New revelations by an international group of journalists show that members of the Chinese communist elite have used offshore tax havens to stash away billions of dollars over the last decade.
A series of articles published by the International Consortium of Investigative Journalists (ICIJ), based in Washington, D.C., demonstrates how Chinese Communist Party officials and their family members have used countries like the British Virgin Islands and the Cook Islands to set up shell companies in which assets and cash can be secretly held.
ICIJ said that the reports come from a massive set of data it received—260 gigabytes, or 160 times the quantity of WikiLeaks cables—on a hard drive mailed anonymously in 2012. After laboriously cleaning and processing the data, ICIJ published its first set of articles in early 2013.
It kept back the China portion until now, and said that nearly 22,000 Chinese clients of companies dealing in offshore structures were identified in the files now under discussion. More Chinese names will be published in a database on Jan. 23, ICIJ said.
Not all uses of such offshore companies are illegal, and in many cases corporate lawyers advise their clients to use offshore structures in doing business in China and Hong Kong. The impression gained from the preponderance of evidence discussed by ICIJ, however, is that Chinese elite—the “red nobility”—has stashed billions in ill-gotten wealth overseas.
Violators identified by ICIJ include most notably members of the families of Xi Jinping, the current chief of the Chinese Communist Party, Wen Jiabao, the former Chinese premier, and Hu Jintao, the former Communist Party leader, as well as a number of other families with deep Party or military backgrounds.
There are also striking absences from “Who’s Who” of the leaks that the ICIJ compiled. None of the family members of Jiang Zemin, the communist leader before Hu Jintao, and his associates—such as Zhou Yongkang, the troubled former security czar, and Zeng Qinghong, a former top Party powerbroker—are implicated in the revelations. This faction has been involved in an intense, behind the scenes struggle for power in the Communist Party with Xi Jinping, Wen Jiabao, and Hu Jintao.
The families of Jiang Zemin, Zhou Yongkang, and Zeng Qinghong have controlled China’s most profitable industries, including petroleum, for over a decade, and are believed to have made huge fortunes for themselves by stealing from those industries.
The anecdotes about the escapades in wealth of the sons of Jiang Zemin and Zeng Qinghong are legendary in China circles.

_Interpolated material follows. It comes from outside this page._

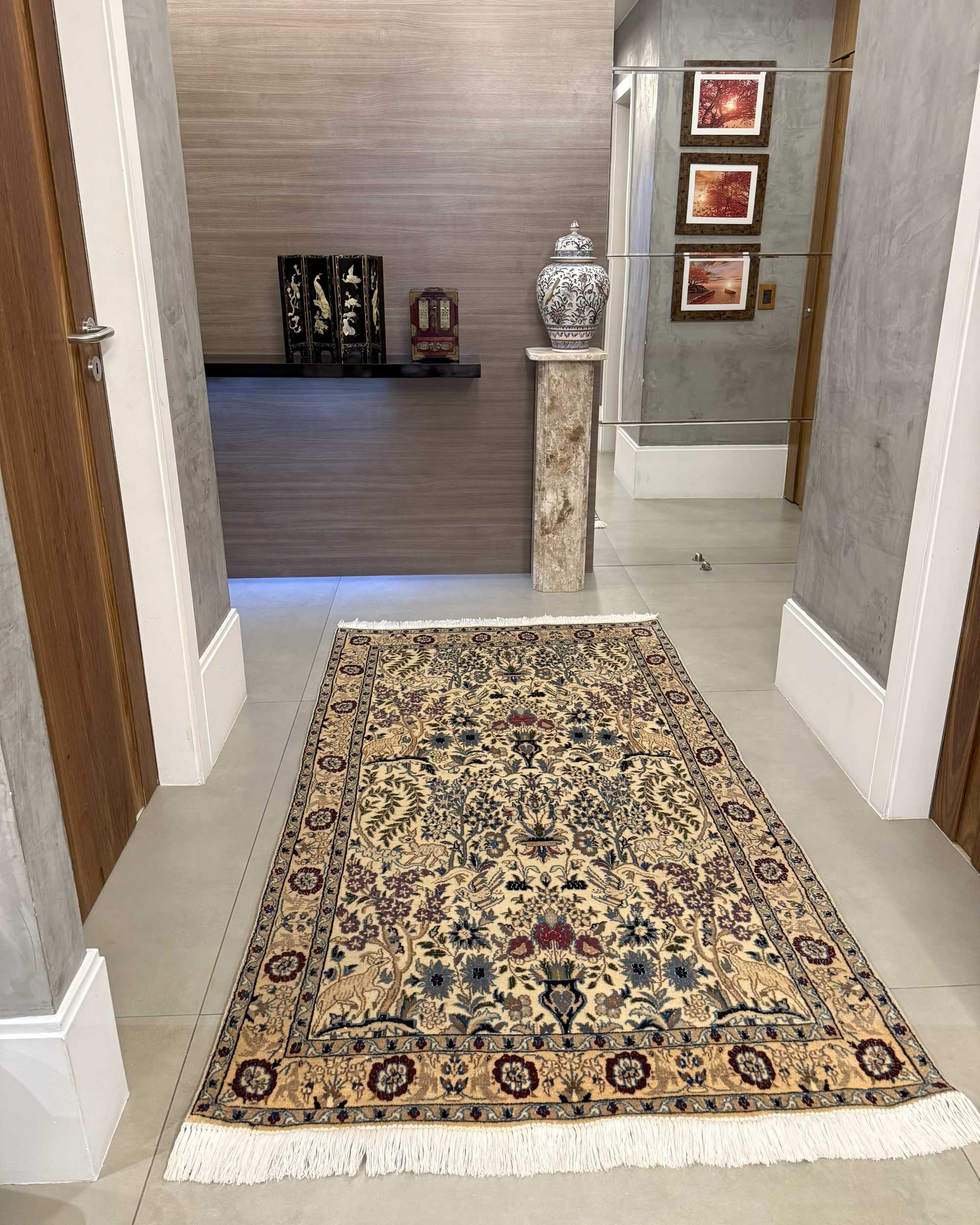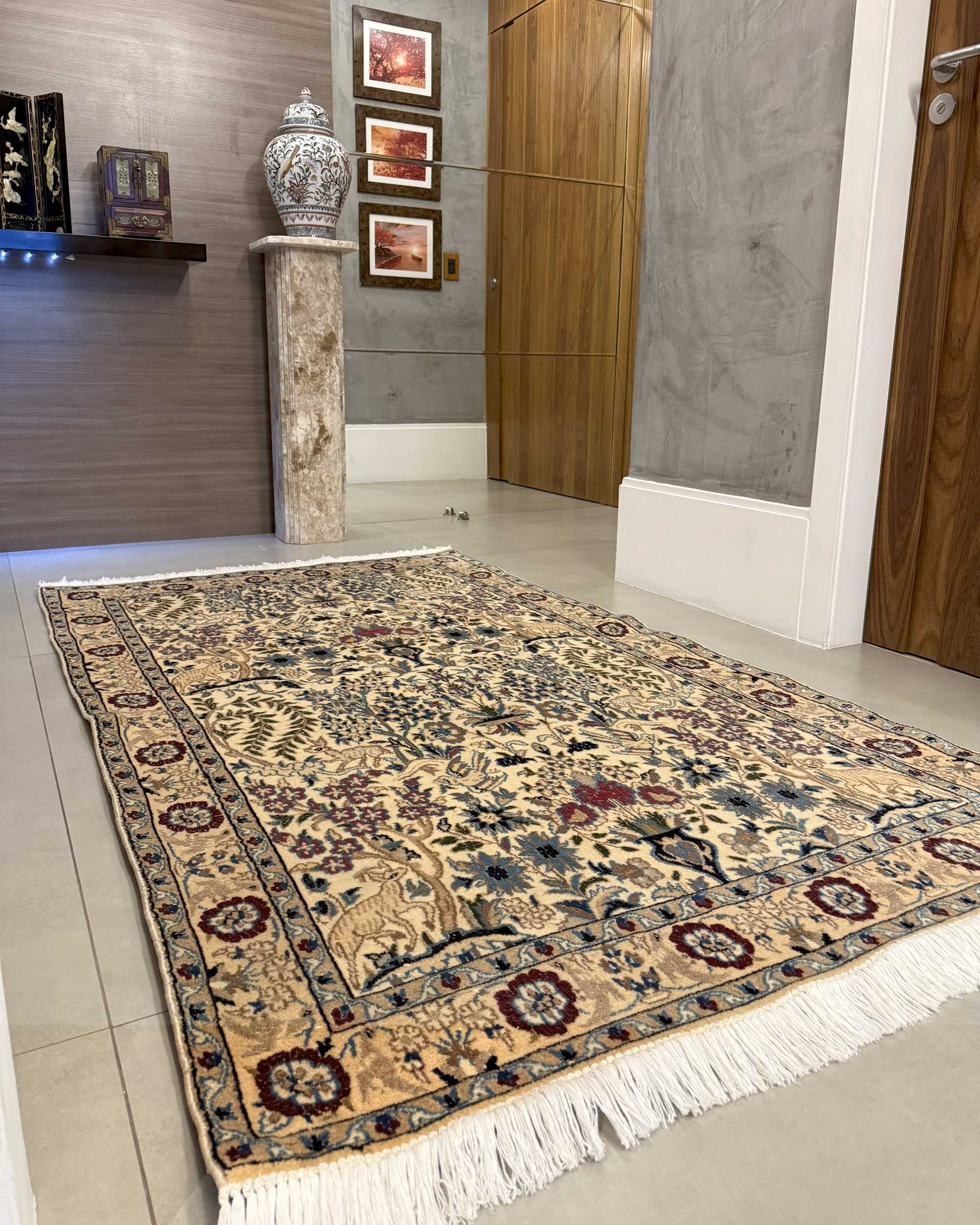 Este raro Nain Persa é uma verdadeira obra de arte têxtil, trazendo em sua composição o tema da Árvore da Vida, um dos motivos mais simbólicos da tapeçaria oriental. Tecelado à mão com altíssima precisão, o campo em marfim contrasta harmoniosamente com os desenhos em azul-marinho, vinho e verde-oliva, revelando pássaros, cervos e flores que representam fertilidade, harmonia e continuidade da vida.

For instance, Zeng Wei, Zeng Qinghong’s son, once bought a nearly $30 million house in an exclusive part of Sydney, and sought to knock it down to build his own, with a waterfall.
There is no way to verify the wealth held by these families, but the accounts and anecdotes that have for years circulated about their activities would indicate that they are far wealthier than those exposed in the current leaks.
ICIJ said that the data it used relates almost entirely to the Singapore-based Portcullis TrustNet and the British Virgin Island-based Commonwealth Trust Limited, and does not purport to capture all offshore dealings by the Chinese elite.
Wen Zhao, a commentator on Party affairs who appears regularly on a segment in the program “Decoding Mainland News” on the New Tang Dynasty Television network, said in a Skype interview that it was possible that the files obtained by ICIJ were part of the batches alleged to have been leaked to Western media during the fractious political warfare that characterized 2012, before current leader Xi Jinping was installed as general secretary in November.
“It’s already an open secret,” Wen said. “Everyone knows that high level communist officials are moving their assets overseas.”
In that year both Bloomberg News and The New York Times published blockbuster exposes of the wealth said to have been amassed by the families of Xi Jinping and Wen Jiabao respectively. The reporters and news organizations said their information all came from publicly available sources (though they decline to make any of the records public) and deny claims that documents were leaked to them.
The head of ICIJ, Gerard Ryle, would seem an unusual choice for advancing a Chinese factional battle. Before joining ICIJ in Washington, D.C., he built a career breaking investigative reports in Australia, where he was once deputy editor of The Canberra Times.
ICIJ on its website does not appear to speculate on who may have sent them the files. Though they indicate that a large number of the documents included clients from Greater China, famously wealthy people from other countries have also been ensnared in the over one-dozen reports about offshore wealth.
According to a business consultant based in Hong Kong who has associated with Chinese officials for a number of decades, it’s common for particular groups of Chinese officials to deal with their own group of financial brokers. So the absence of records relating to Jiang Zemin’s network and family could be explained by the possibility that they used other offshore brokers to those touched on by ICIJ’s data.
That still leaves the ultimate source of the files a mystery.